• Your objective: Without the pictures, reproduce the records that follow exactly.

(Records drawn from a dataset)
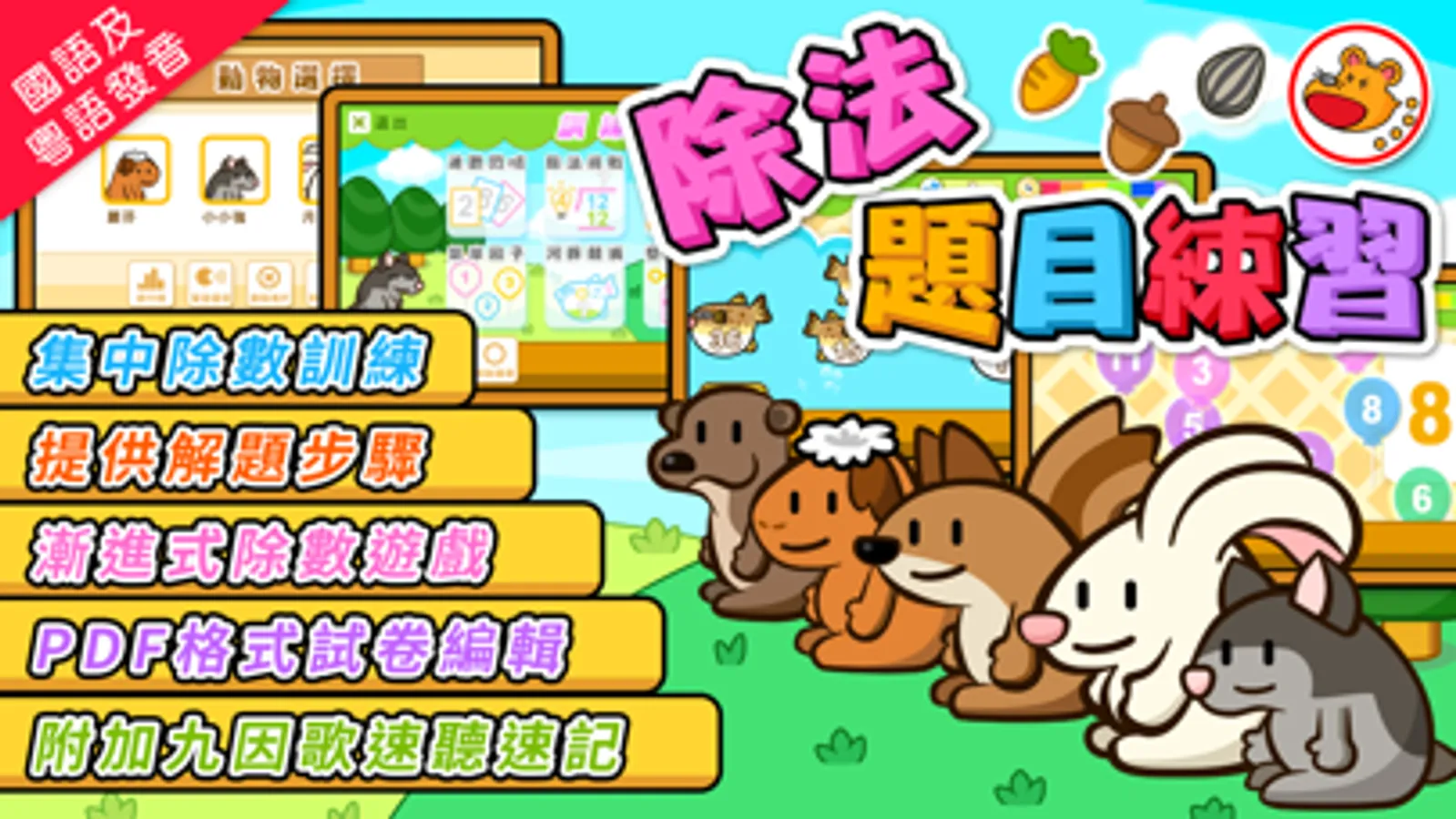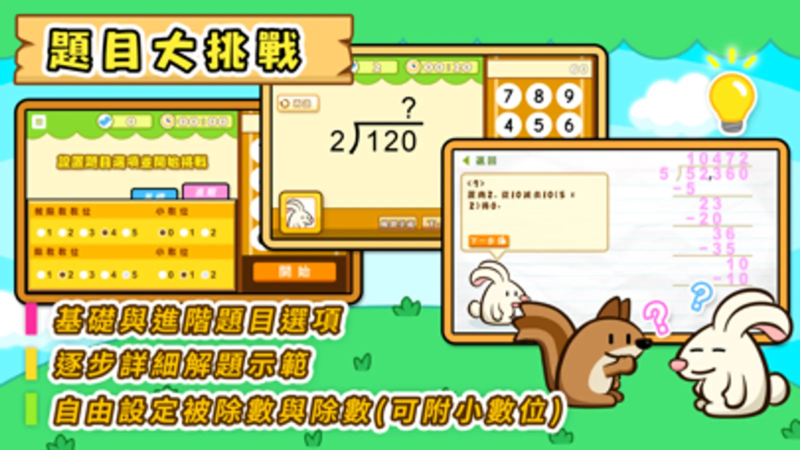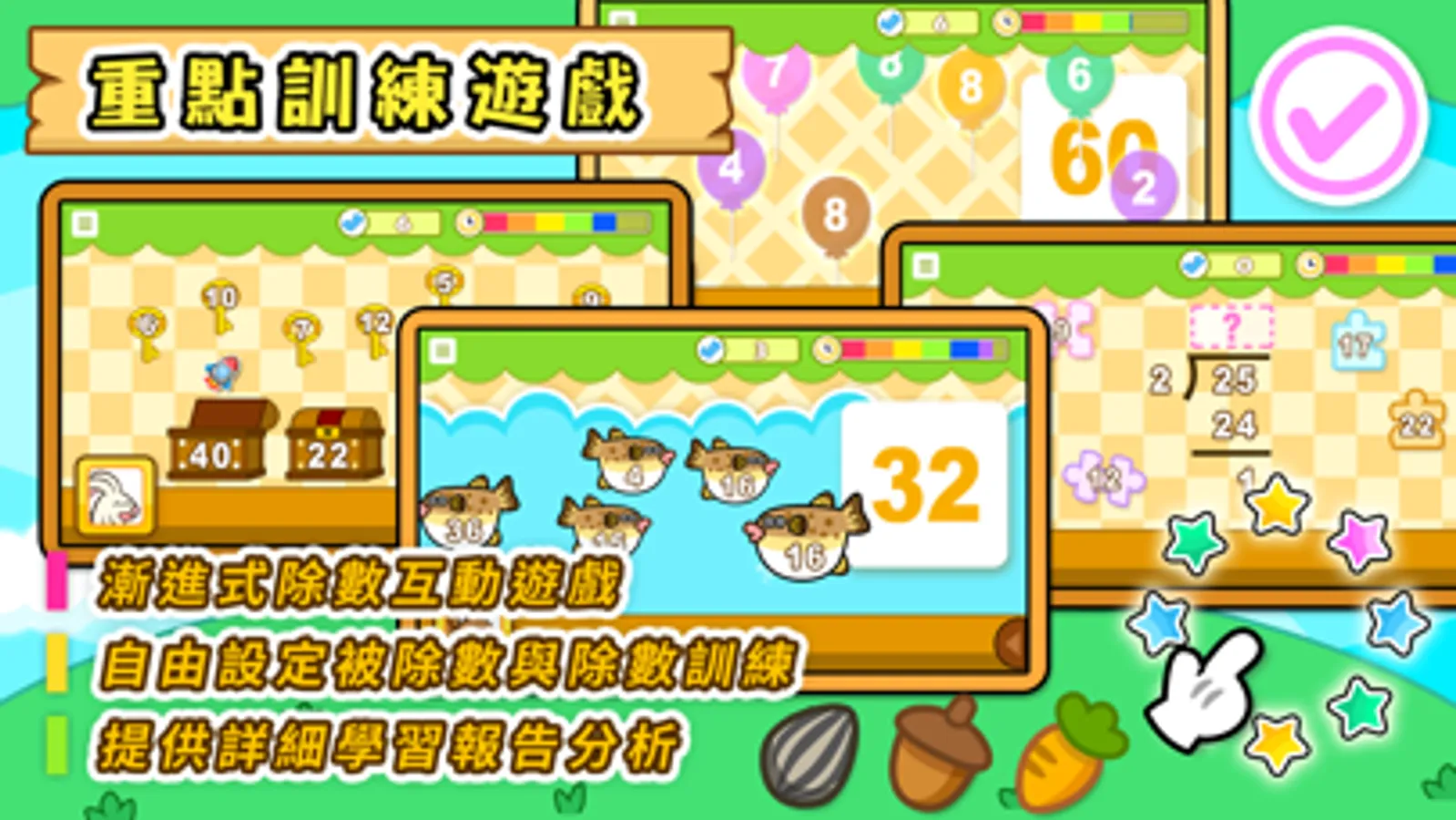 除法題目練習,是乘除數學訓練系列之一,通過有趣的重點訓練遊戲練習、多種除數題目設定訓練、以及解題示範器和試卷編輯器等,全方位強化兒童對除數的運算能力。
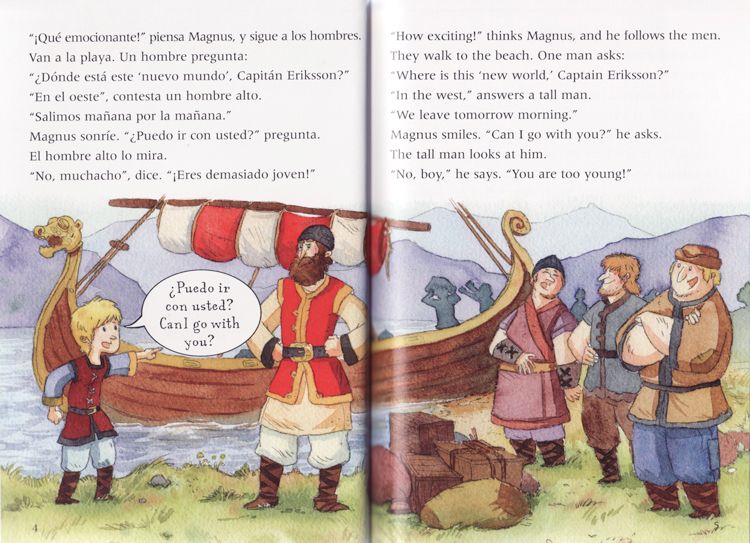 Magnus dreams of going to sea with the Viking explorers. A big adventure awaits him. He carries a secret for one day, far in the future... The parallel text will help you follow Magnus to the 'new world' in English - and Spanish!
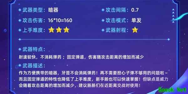 答:是香肠派对中第一把暗器。 香肠派对武器牙签介绍 1、暗器会占用第三号武器位,使用暗器不会消耗弹药。 2、使用暗器攻击时,暗器会短暂停留在被攻击的人身上。
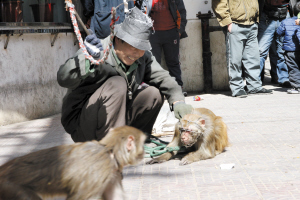 耍猴人当街“虐猴”(图)
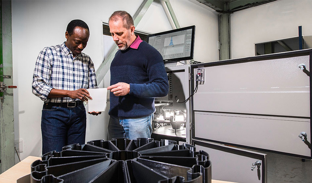 Scientists callibrating the RhoVol particle density unit
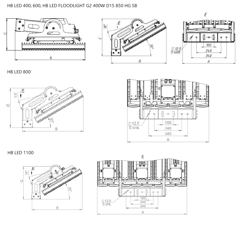 Модификации серии HB LED FLOODLIGHT G2
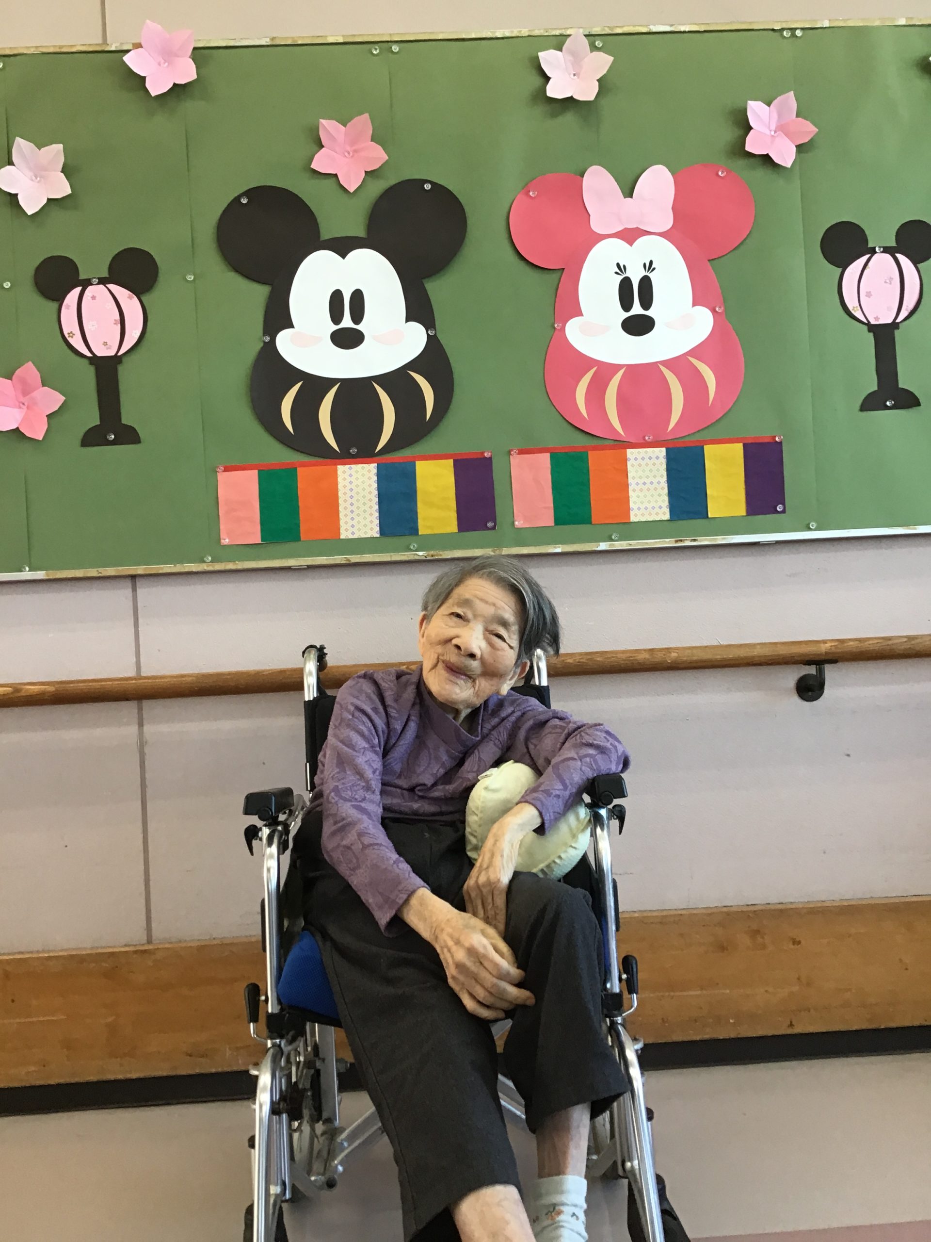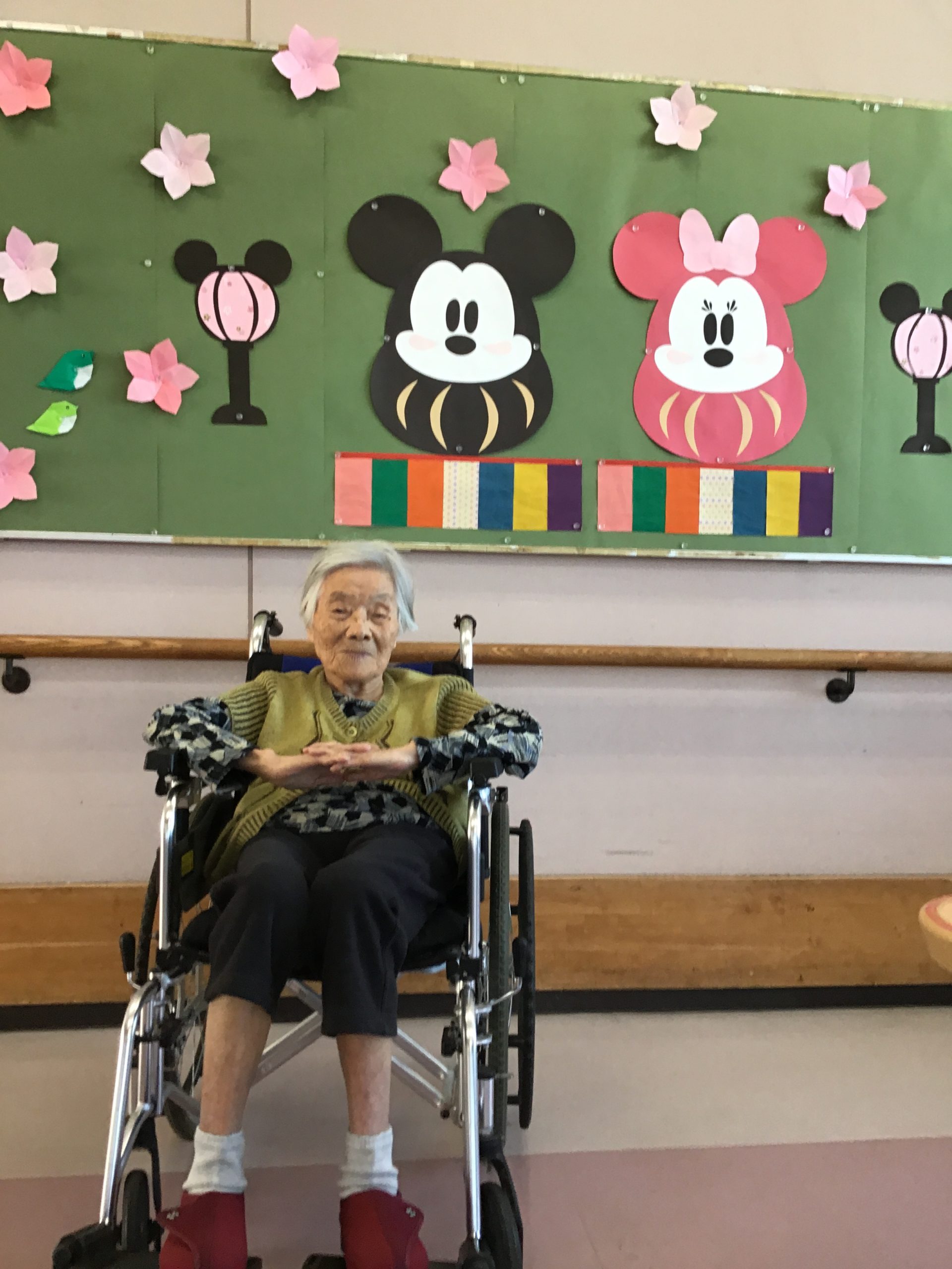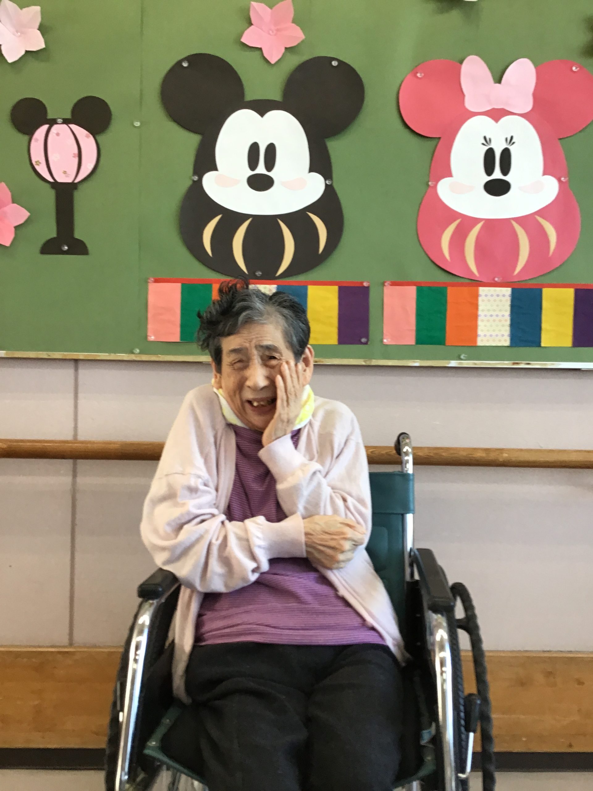 特養です。3月3日と言えばひな祭りですね!壁画のひな祭りと記念撮影です。皆さん笑顔が素敵です。 🙂

• Result of this exercise:
 除法題目練習,是乘除數學訓練系列之一,通過有趣的重點訓練遊戲練習、多種除數題目設定訓練、以及解題示範器和試卷編輯器等,全方位強化兒童對除數的運算能力。
 Magnus dreams of going to sea with the Viking explorers. A big adventure awaits him. He carries a secret for one day, far in the future... The parallel text will help you follow Magnus to the 'new world' in English - and Spanish!
 答:是香肠派对中第一把暗器。 香肠派对武器牙签介绍 1、暗器会占用第三号武器位,使用暗器不会消耗弹药。 2、使用暗器攻击时,暗器会短暂停留在被攻击的人身上。
 耍猴人当街“虐猴”(图)
 Scientists callibrating the RhoVol particle density unit
 Модификации серии HB LED FLOODLIGHT G2
 特養です。3月3日と言えばひな祭りですね!壁画のひな祭りと記念撮影です。皆さん笑顔が素敵です。 🙂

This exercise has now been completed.